Shorts remain an unconvincing indicator of the sentiment in the cryptocurrency market because the take of analysts on the impact of short contracts on the price of Bitcoin differs quite regularly.
Speaking to CCN, cryptocurrency technical analyst and trader “Hsaka” said that shorts do not necessarily reflect the sentiment of investors in the market.
Generally, in most markets, investors associate shorts with a negative connotation because it demonstrates the predictions of investors that a particular asset or a market will fall in value in the near-term.
However, in the Bitcoin market, a rise in shorts often provide an opportunity for investors to target a short squeeze, wherein short contracts get squeezed out of the market and are forced to acquire Bitcoin at a lower price, pushing the price of the asset even higher.
As such, Hsaka said that shorts are often used by traders to supplement their narrative and as an indicator, it does not portray the future trend of the market.
The trader said:
To be honest, I try not to look at the short or longs narrative too much. It seems like reading tea leaves to me. One can skewer the interpretation to fit his or her own bias.
We’ve seen this happen a lot of times before. Shorts breach ATH, everyone starts talking about a mega squeeze causing a massive BTC pump. The pump never arrives and shorts gradually normalise.
The increase in short contracts may have been caused by the growing uncertainty in the short-term performance of Bitcoin.

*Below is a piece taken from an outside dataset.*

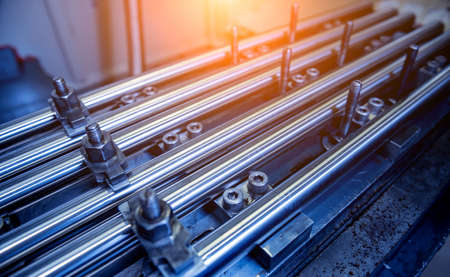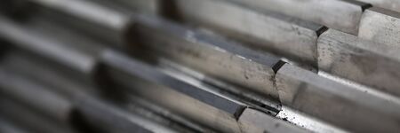 Straight row of metal bars after grinding.
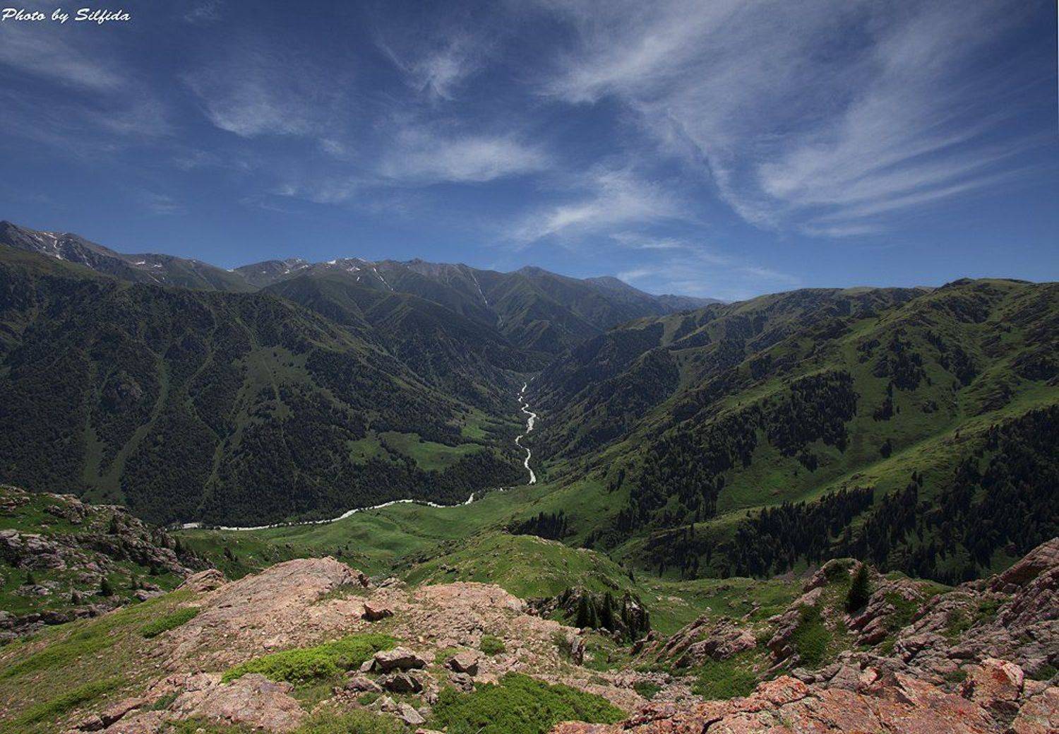 Джунгарский Алатау – это горная система в юго-восточной части Казахстана, простирающаяся с запада на восток вдоль границы с Китаем почти на 400 км. Название свое получила от проживавшего здесь некогда воинственного народа – джунгар, который полностью исчез вследствие натиска Китайской империи. «Джунгарский» можно перевести как «дзюн»-левая сторона, «гар»- рука, а «Алатау» – пестрые горы. Джунгарский Алатау – своеобразная в климатическом отношении страна. Северные склоны напоминают Алтай, южным склонам свойственен тянь-шаньский климат, близкий к климату Заилийского Алатау.

In previous instances wherein BTC experienced an extended period of stability, it recorded a large drop in price.
In November, for instance, following months of stability in the $6,000 region, BTC rapidly plunged to $3,000, eventually achieving a yearly low at $3,122 in December.
Tokens and alternative cryptocurrencies have seen record single-day gains in recent weeks, with tokens in the likes of IXEC RLC and Zcoin recording gains in the range of 40 to 70 percent against both Bitcoin and the U.S. dollar.
As the dominant cryptocurrency, Bitcoin still represents the macro landscape of the cryptocurrency market and according to Satoshi, MBA, a cryptocurrency analyst, alternative cryptocurrencies could fall rapidly in value if BTC fails to test key resistance levels above $4,000.
If Bitcoin does manage to regain momentum and initiate large upside movements, the analyst said that the rapid price movements of alternative cryptocurrencies will continue.
“Very bullish on alternative cryptocurrencies today, many breaking out of months long falling wedge patterns. But what I’m watching carefully is what Bitcoin does when it confronts the year+ long resistance trend line. If we break out, the real alt season begins. If not, the alternative cryptocurrency party ends,” the analyst explained.